### Exercise prompt:
What you return should be the complete data below, word for word, with no pictures in it.

☆ ☆ ☆ ☆

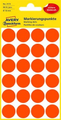 KezdőlapIrodaszerekIrodai papíráruEtikettekEtikett, 18 mm, kör, AVERY ZWECKFORM, neon piros, 96 etikett/csomag
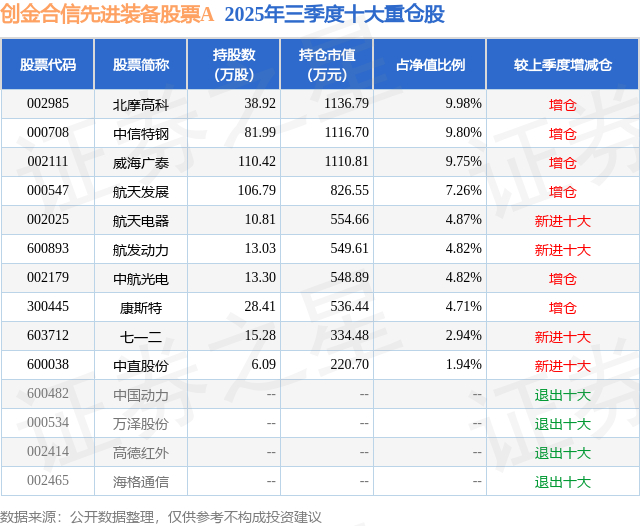 根据2025基金Q3季报公募基金重仓股数据,重仓该股的公募基金共1家,其中持有数量最多的公募基金为创金合信基金的创金合信先进装备股票A。创金合信先进装备股票A目前规模为0.38亿元,最新净值1.4752(12月11日),较上一交易日下跌0.37%,近一年上涨26.98%。该公募基金现任基金经理为李晗。
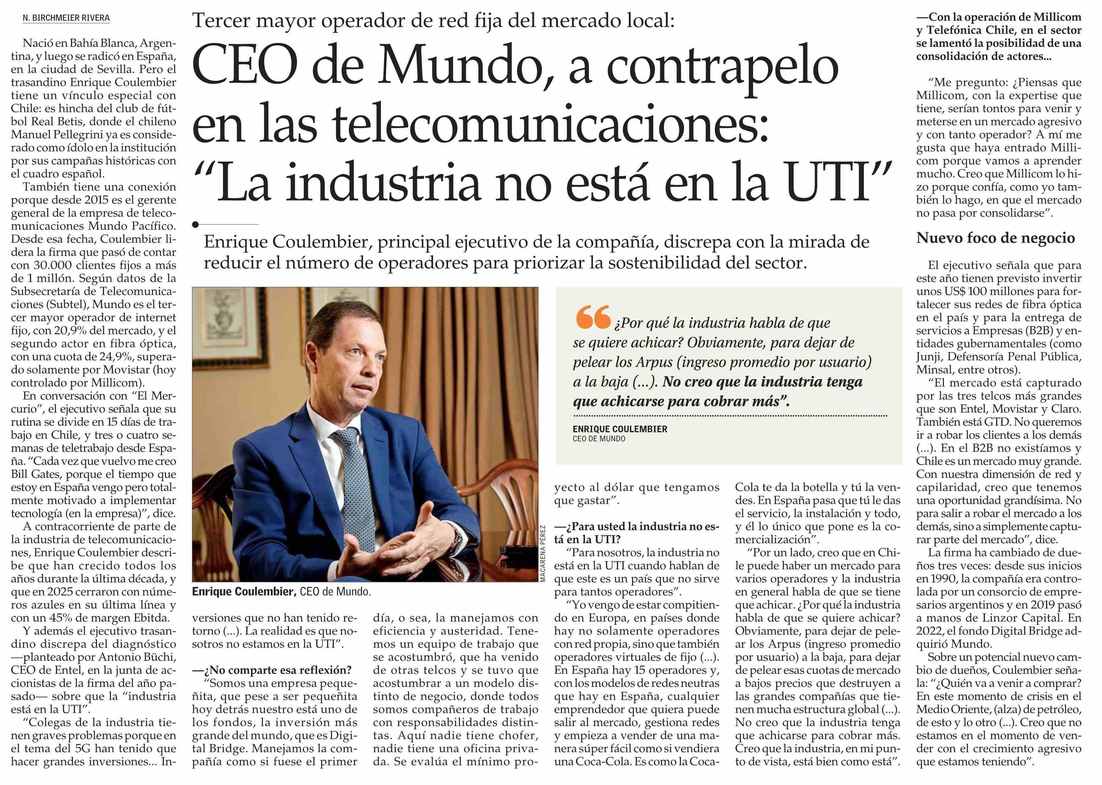 Título: CEO de Mundo, a contrapelo en las telecomunicaciones: “La industria no está en la UTI”
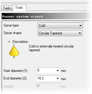 Ensure that the Sprue shape is Circular Tapered.
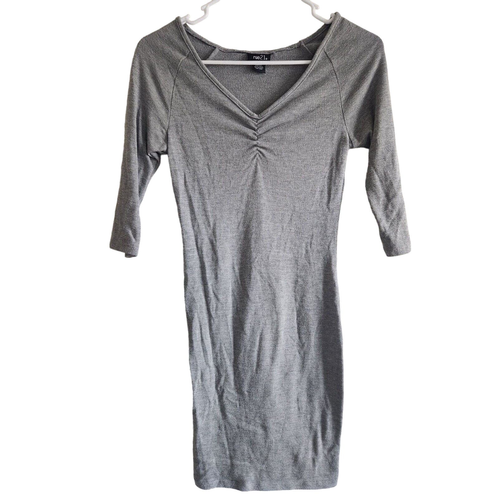 Vintage Y2K Rue 21 Womens Sz XS Gray Fitted Dress V Neck Mini Short
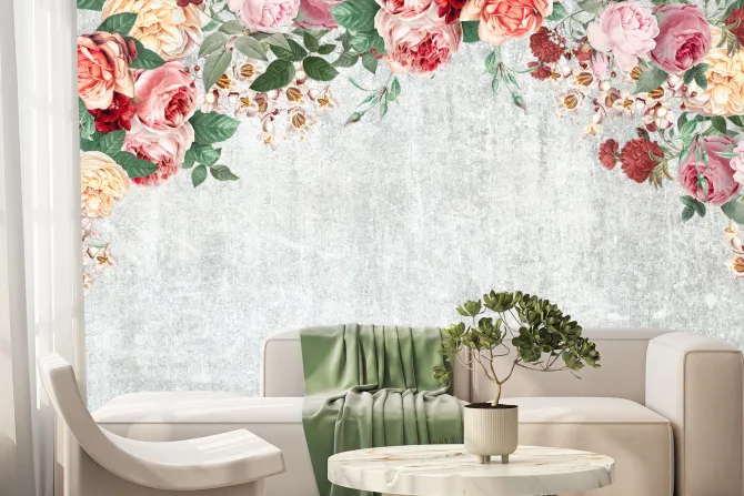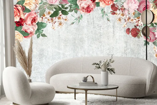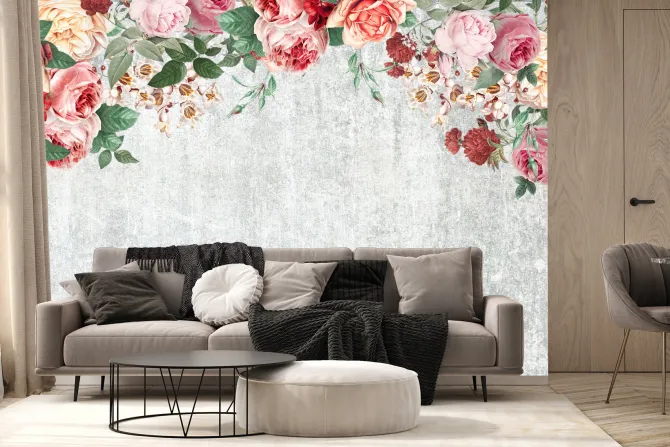 Fototapeta: Róże na szarym tle z teksturą betonu
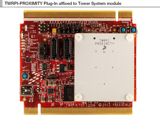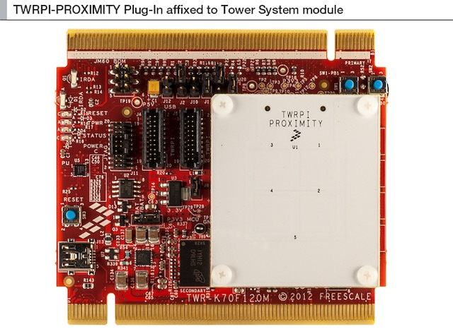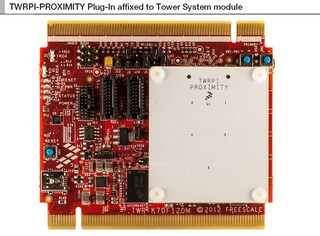 The TWRPI-PROXIMITY plug-in for the Tower® System enables the evaluation of capacitive proximity sensing in your embedded designs. This plug-in, or daughter card, is compatible with Tower System modules that feature the touch-sensing interface and provides proximity detection of up to one inch (1"). Simply place the TWRPI-PROXIMITY onto a parent controller or peripheral module, and start sensing.
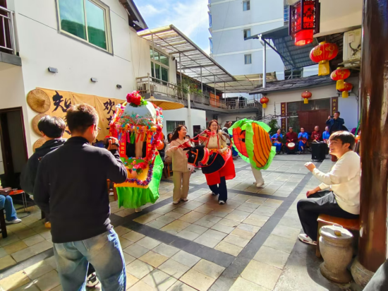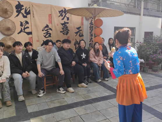 第二站大家来到紫阳民歌传承基地——何家大院,传承人何耀信、何显鹏带领紫阳民歌演唱团队热情地接待了欧冠官方网站入口师生一行。民歌演唱队演唱了多首地道的紫阳民歌,引得大家连连叫好。演唱中穿插表演了划旱船、玩蚌壳、赶毛驴等民俗节目。在互动环节,田川老师演唱了《我和我的祖国》,范义付老师演唱了《西部放歌》,还有多名学生演唱了各地民歌,精彩纷呈,使大家大饱耳福。演唱完毕,民歌演唱团队指导学生参与锣鼓队、划旱船、玩蚌壳、赶毛驴等节目表演,学生对紫阳民歌及民俗表演留下了深刻的印象。
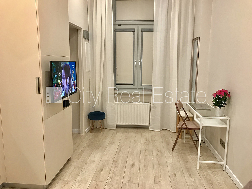 Renovēta māja, slēgts pagalms, ir lifts, kāpņu telpa pēc kapitālā remonta, studio tipa, virtuve apvienota ar istabu, krāsotas sienas, jauna santehnika, parketa grīda, sanitārais mezgls apvienots, vanna, iebūvēta virtuves iekārta, iebūvēti sienas skapji, dīvāns, gulta , televizors, ledusskapis, elektriskā plīts, tvaika nosūcējs, veļas mašīna, internets, diennakts videonovērošana, kāpņu telpā koda atslēga, CITY REAL ESTATE ID - 517792
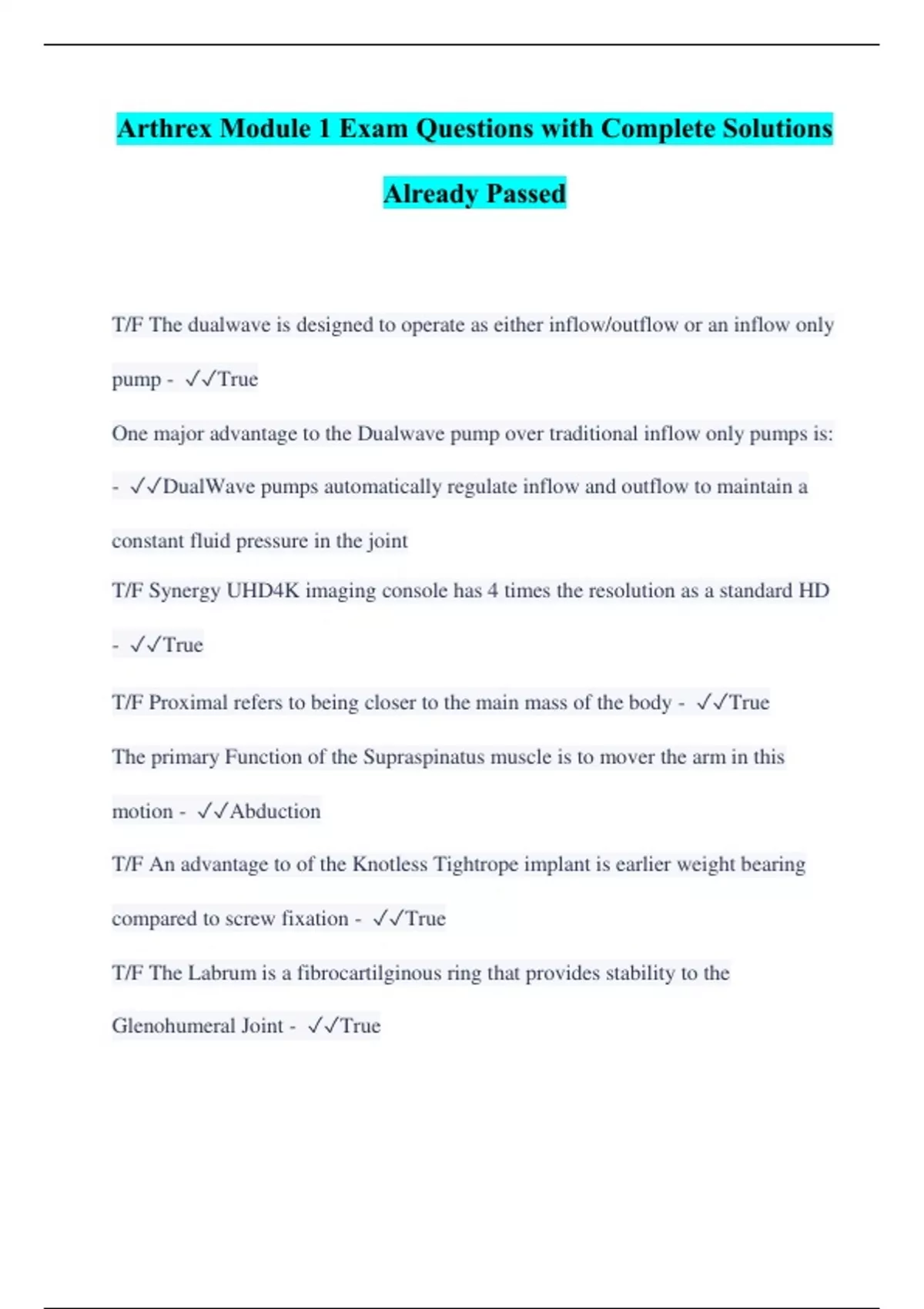 Arthrex Module 1 Exam Questions with Complete Solutions Already Passed T/F The dualwave is designed to operate as either inflow/outflow or an inflow only pump - True One major advantage to the Dualwave pump over traditional inflow only pumps is: - DualWave pumps automatically regulate inflow and outflow to maintain a constant fluid pressure in the joint T/F Synergy UHD4K imaging console has 4 times the resolution as a standard HD - True T/F Proximal refers to being closer to the main mass of the body - True The primary Function of the Supraspinatus muscle is to mover the arm in this motion - Abduction T/F An advantage to of the Knotless Tightrope implant is earlier weight bearing compared to screw fixation - True T/F The Labrum is a fibrocartilginous ring that provides stability to the Glenohumeral Joint - True
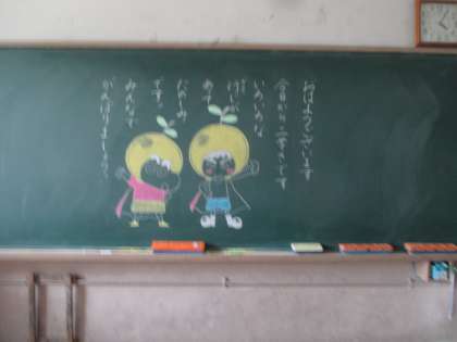 学期はじめには、担任の先生が黒板に子どもたちへのメッセージを書きます。その際に絵が描いてあることが多く、そのレベルの高さにいつも驚かされます。子どもたちも大喜びで眺めています。みなさんにもその素晴らしさを感じていただければと思います。

☆ ☆ ☆ ☆

### Exercise solution:
 KezdőlapIrodaszerekIrodai papíráruEtikettekEtikett, 18 mm, kör, AVERY ZWECKFORM, neon piros, 96 etikett/csomag
 根据2025基金Q3季报公募基金重仓股数据,重仓该股的公募基金共1家,其中持有数量最多的公募基金为创金合信基金的创金合信先进装备股票A。创金合信先进装备股票A目前规模为0.38亿元,最新净值1.4752(12月11日),较上一交易日下跌0.37%,近一年上涨26.98%。该公募基金现任基金经理为李晗。
 Título: CEO de Mundo, a contrapelo en las telecomunicaciones: “La industria no está en la UTI”
 Ensure that the Sprue shape is Circular Tapered.
 Vintage Y2K Rue 21 Womens Sz XS Gray Fitted Dress V Neck Mini Short
 Fototapeta: Róże na szarym tle z teksturą betonu
 The TWRPI-PROXIMITY plug-in for the Tower® System enables the evaluation of capacitive proximity sensing in your embedded designs. This plug-in, or daughter card, is compatible with Tower System modules that feature the touch-sensing interface and provides proximity detection of up to one inch (1"). Simply place the TWRPI-PROXIMITY onto a parent controller or peripheral module, and start sensing.
 第二站大家来到紫阳民歌传承基地——何家大院,传承人何耀信、何显鹏带领紫阳民歌演唱团队热情地接待了欧冠官方网站入口师生一行。民歌演唱队演唱了多首地道的紫阳民歌,引得大家连连叫好。演唱中穿插表演了划旱船、玩蚌壳、赶毛驴等民俗节目。在互动环节,田川老师演唱了《我和我的祖国》,范义付老师演唱了《西部放歌》,还有多名学生演唱了各地民歌,精彩纷呈,使大家大饱耳福。演唱完毕,民歌演唱团队指导学生参与锣鼓队、划旱船、玩蚌壳、赶毛驴等节目表演,学生对紫阳民歌及民俗表演留下了深刻的印象。
 Renovēta māja, slēgts pagalms, ir lifts, kāpņu telpa pēc kapitālā remonta, studio tipa, virtuve apvienota ar istabu, krāsotas sienas, jauna santehnika, parketa grīda, sanitārais mezgls apvienots, vanna, iebūvēta virtuves iekārta, iebūvēti sienas skapji, dīvāns, gulta , televizors, ledusskapis, elektriskā plīts, tvaika nosūcējs, veļas mašīna, internets, diennakts videonovērošana, kāpņu telpā koda atslēga, CITY REAL ESTATE ID - 517792
 Arthrex Module 1 Exam Questions with Complete Solutions Already Passed T/F The dualwave is designed to operate as either inflow/outflow or an inflow only pump - True One major advantage to the Dualwave pump over traditional inflow only pumps is: - DualWave pumps automatically regulate inflow and outflow to maintain a constant fluid pressure in the joint T/F Synergy UHD4K imaging console has 4 times the resolution as a standard HD - True T/F Proximal refers to being closer to the main mass of the body - True The primary Function of the Supraspinatus muscle is to mover the arm in this motion - Abduction T/F An advantage to of the Knotless Tightrope implant is earlier weight bearing compared to screw fixation - True T/F The Labrum is a fibrocartilginous ring that provides stability to the Glenohumeral Joint - True
 学期はじめには、担任の先生が黒板に子どもたちへのメッセージを書きます。その際に絵が描いてあることが多く、そのレベルの高さにいつも驚かされます。子どもたちも大喜びで眺めています。みなさんにもその素晴らしさを感じていただければと思います。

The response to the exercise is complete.